It should be noted that equation (2), which predicts an increase in the reflectivity when the amount of ligand present at the interface increases, is valid under the assumption that the wavelength λ of the light is very close the value 4hn1, where, as defined above, h and n1 are the thickness and refractive index of the dielectric layer, respectively. Otherwise, if the value of λ is greater than 4hnj, in particular if λ>4(hn1+dn2), where d and n2 are the thickness and the refractive index of the functionalization layer including the receptor molecules, respectively, the interaction between ligands and receptors can lead to a decrease of reflectivity. Also in this case, the measure of the variation of the reflectivity allows the detection of the interaction between ligands and receptors, according to the present invention. Similarly to the above example, the said decrease of reflectivity is directly related to the mass of ligands interacting with receptors and the amount of interacting ligands can be computed through the thin layer Fresnel formulas from the measured decrease of the reflectivity.

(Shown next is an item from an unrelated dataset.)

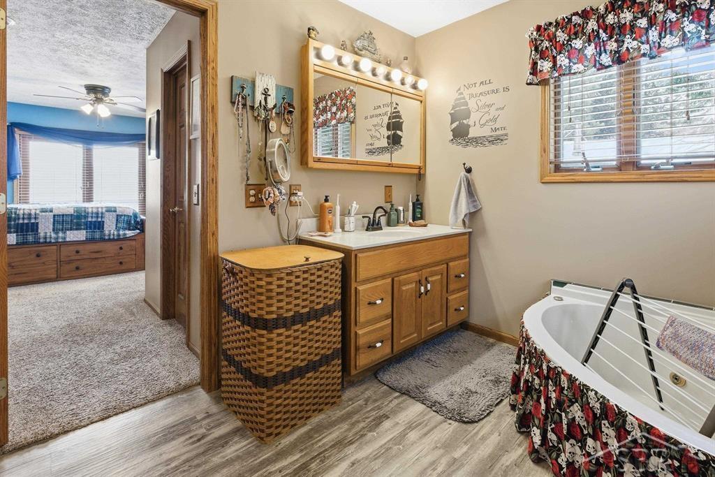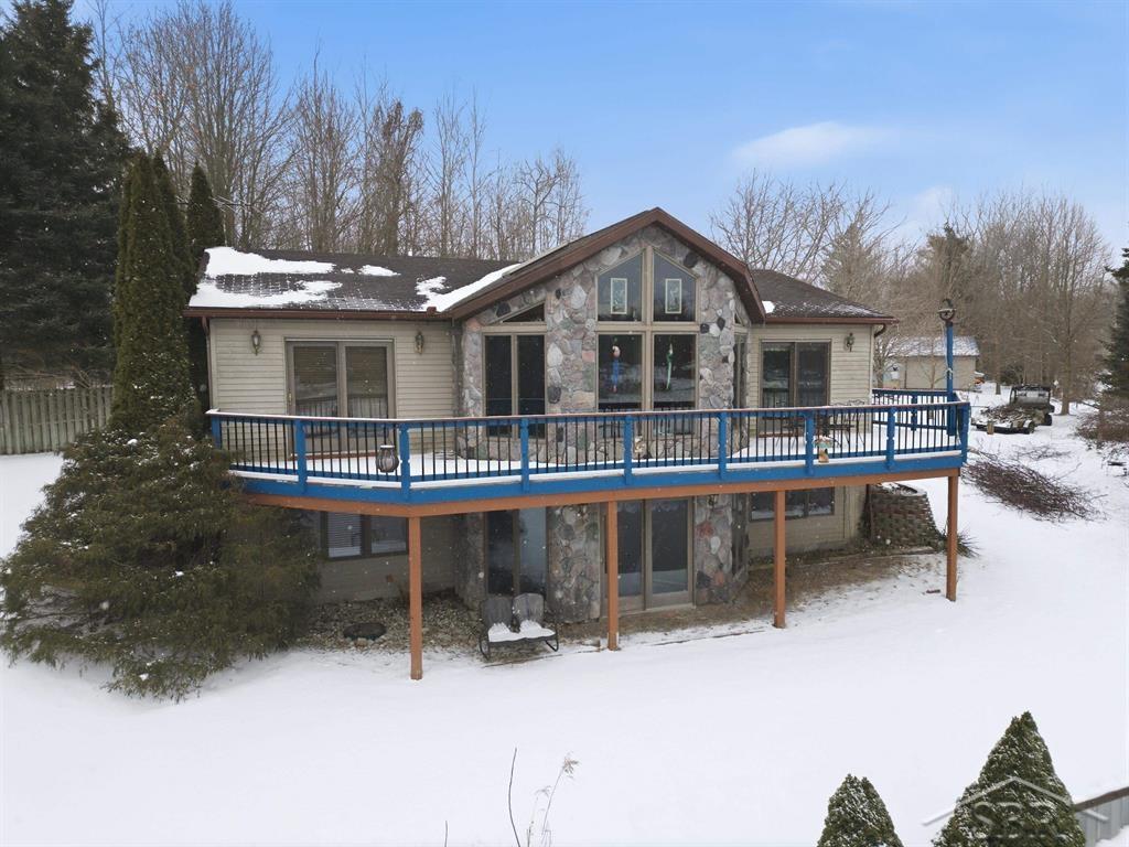 Sold on Sutherly! Welcome to a custom-built lakefront retreat where every detail has been thoughtfully designed to embrace the water views that greet you at every turn. This stunning 4-bedroom, 3-bathroom home delivers 2,720 square feet of living space across two beautifully finished levels, all perched on 170 feet of private waterfront with a steel seawall and boat hoist, ready for the lakes return! The main floor showcases an expansive open layout anchored by knotty pine cathedral ceilings in the living room, where walls of windows flood the space with natural light. Step on to the massive elevated deck and take in panoramic lake views that never get old. The large kitchen features Corian countertops and hickory cabinets that flows seamlessly into the living areas, while an integrated interior speaker system sets the mood throughout. The primary bedroom is a generous main-level suite with its own lake view, walk-in closet, and oversized soaking tub. Completing the main floor is a second bedroom and main full bathroom. Below, the walkout basement expands your living and entertaining possibilities with a spacious family room warmed by a gas stone fireplace. Two additional bedrooms with lake views and a full bathroom provide comfortable quarters for family or guests. A finished storage room or home office allows for additional flexibility without the sacrifice. The lower-level stone patio opens directly to your lakefront entertaining space — an ideal spot for gatherings under the warm summer sun. The lot itself is nothing short of extraordinary, situated on 2 full acres. A she shed/pool house with electricity elevates the above ground pool experience, while waiting for your lake to return you can still enjoy your summer in the water. An attached two full car finished and heated garage, plus a 28'x36' detached garage with power and a pellet stove ensures you will never run out of storage or workspace. The grounds feature a fruit orchard with three varieties of grape vines, apple trees including Honeycrisp and Sweet Sixteen, plus peach, plum, black cherry, and pear trees. A sprinkler system and yard shed round out this incredible property. This is waterfront living at its finest, located in a desirable area with extra deep waterfront ensures endless amounts of swimming and boating is in your future. Where quality construction meets lakeside serenity - schedule your private showing today and prepare to fall in love.

The measurement of the mass of molecules with the function of ligand that interact with receptors immobilized on the surface, carried out as above described, can in turn determine the presence of ligand molecules in solution and, possibly, its quantity or its concentration, hence allowing the determination of the affinity constant K, also known as the binding constant between ligand and receptor, or the rate constants of association and dissociation.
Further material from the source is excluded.